DATA START

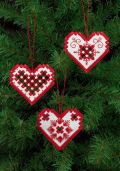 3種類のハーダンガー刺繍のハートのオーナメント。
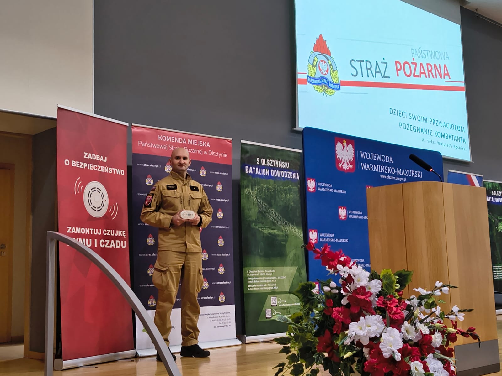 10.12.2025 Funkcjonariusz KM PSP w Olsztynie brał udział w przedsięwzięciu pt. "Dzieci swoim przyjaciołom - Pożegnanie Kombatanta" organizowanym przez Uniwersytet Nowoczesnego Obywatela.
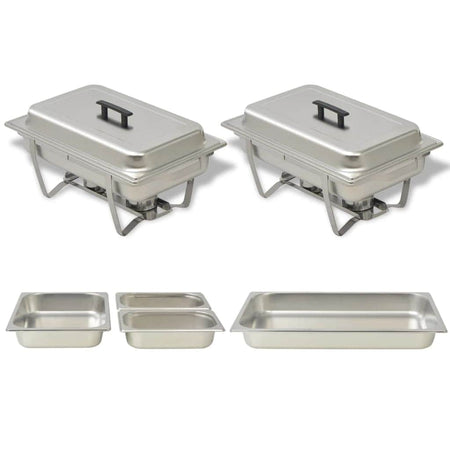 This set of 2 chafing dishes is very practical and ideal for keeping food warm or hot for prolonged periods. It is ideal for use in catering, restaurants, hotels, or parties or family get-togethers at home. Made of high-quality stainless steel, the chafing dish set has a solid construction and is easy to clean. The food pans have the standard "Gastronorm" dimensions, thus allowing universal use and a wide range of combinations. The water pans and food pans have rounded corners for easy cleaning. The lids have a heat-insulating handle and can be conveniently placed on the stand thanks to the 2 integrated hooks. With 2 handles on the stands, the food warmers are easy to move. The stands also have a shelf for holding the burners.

DATA END
DATA START

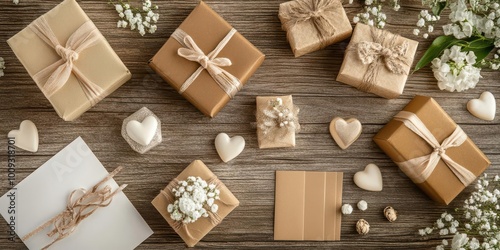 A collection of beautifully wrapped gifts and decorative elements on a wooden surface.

DATA END

**EXERCISE:** Copy only these lines from the records above, exactly: the one with "3種類のハーダンガー刺繍のハートのオーナメント。", the one with "This set of", and those between. Skip the pictures.

**OUTPUT OF THE EXERCISE:**
 3種類のハーダンガー刺繍のハートのオーナメント。
 10.12.2025 Funkcjonariusz KM PSP w Olsztynie brał udział w przedsięwzięciu pt. "Dzieci swoim przyjaciołom - Pożegnanie Kombatanta" organizowanym przez Uniwersytet Nowoczesnego Obywatela.
 This set of 2 chafing dishes is very practical and ideal for keeping food warm or hot for prolonged periods. It is ideal for use in catering, restaurants, hotels, or parties or family get-togethers at home. Made of high-quality stainless steel, the chafing dish set has a solid construction and is easy to clean. The food pans have the standard "Gastronorm" dimensions, thus allowing universal use and a wide range of combinations. The water pans and food pans have rounded corners for easy cleaning. The lids have a heat-insulating handle and can be conveniently placed on the stand thanks to the 2 integrated hooks. With 2 handles on the stands, the food warmers are easy to move. The stands also have a shelf for holding the burners.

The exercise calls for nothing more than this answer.